Penerimaan Bea Cukai Turun pada Maret 2024, Ini Penjelasan Sri Mulyani

ANTARA FOTO/Aditya Pradana Putra/Spt.
Menteri Keuangan Sri Mulyani Indrawati menyampaikan keterangan kepada wartawan di Jakarta, Jumat (15/3/2024).
Penulis: Zahwa Madjid
Editor: Sorta Tobing
26/4/2024, 17.53 WIB

Kementerian Keuangan mencatatkan penerimaan kepabeanan dan cukai menurun 4,5% secara tahunan. Tercatat sejak Januari hingga Maret 2024 pemerintah mengantongi Rp 69 triliun atau sekitar 21,5% dari target APBN 2024.

Menteri Keuangan Sri Mulyani mengatakan harga-harga komoditas yang anjlok, aktivitas impor yang melambat, dan penurunan penerimaan cukai rokok menjadi pemicunya.

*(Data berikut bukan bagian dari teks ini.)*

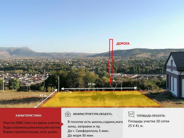 Арт. 134157383 Земельный участок в живописном пригороде Симферополя! Симферопольский район, с. Доброе, ул. Весенняя. Общая площадь участка 13,57 сотки. По факту почти 15 соток (от границ соседских заборов). Категории земель: земли населенных пунктов. Виды разрешенного использования: для индивидуального жилищного строительства. Кадастровый номер 90:12:040103:1012 Участок с небольшим уклоном в глубь участка, чистый, с трех сторон имеется забор соседей. Удобные подъездные пути. Коммуникации: по границе участка свет, газ. Инфраструктура района: школа в пешей доступности, различные магазины, Пуд, Амбар, Доброцен, аптеки, строительные и авто магазины, храм, стоматология, заправка, мойка... Экологически чистый район, рядом лес. До побережья Алушты 25 минут на машине, до Симферополя 10-15. Один собственник, документы готовы к продаже. При просмотре возможен небольшой торг реальному покупателю! Купить загородную недвижимость на улице Весенняя в селе Доброе.

Lebih rinci, penerimaan bea masuk sampai dengan Maret 2024 turun 3,8% disebabkan oleh impor komoditas bertarif 0% yang tumbuh dan pemanfaatan FTA (free trade agreement/perjanjian perdagangan bebas) yang semakin meningkat mengakibatkan rata-rata tarif efektif turun.

“Penerimaan bea masuk dari komoditas utama juga mengalami penurunan, seperti kendaraan roda empat dan suku cadang, gas alam dan buatan serta mesin pembangan dan konstruksi,” ujar Sri Mulyani dalam konferensi pers di Jakarta, Jumat (26/4).

Dari bea keluar tercatat penerimaan sebesar Rp 4,2 triliun atau sekitar 23,7% dari target APBN 2024. “Penerimaan bea keluar naik 37% dipengaruhi bea keluar tembaga yang tumbuh 530,9% karena relaksasi ekspor komoditas tembaga,” ujarnya.

Penerimaan cukai sampai dengan Maret 2024 turun 6,9% secara tahunan yang dipengaruhi oleh cukai hasil tembakau turun 7,3%. “Terjadi penurunan produksi November hingga Desember 2023 sebesar 1,7% sejalan dengan kebijakan pengendalian konsumsi rokok,” ujarnya.

Kendati cukai rokok menurun, cukai minuman mengandung etil alkohol meningkat 6,6% sejalan dengan pertumbuhan barang kena cukai. Sebagai informasi, pemerintah resmi menaikkan tarif cukai minuman yang mengandung etil alkohol (MMEA) atau minuman beralkohol mulai 1 Januari 2024.

Kenaikan tersebut berlaku untuk semua golongan baik yang berasal dari dalam negeri maupun impor. Aturannya tertulis dalam Peraturan Menteri Keuangan (PMK) No. 160 Tahun 2023 tentang Tarif Cukai Etil Alkohol (EA), Minuman yang Mengandung Etil Alkohol (MMEA), dan Konsentrat yang Mengandung Etil Alkohol (KMEA).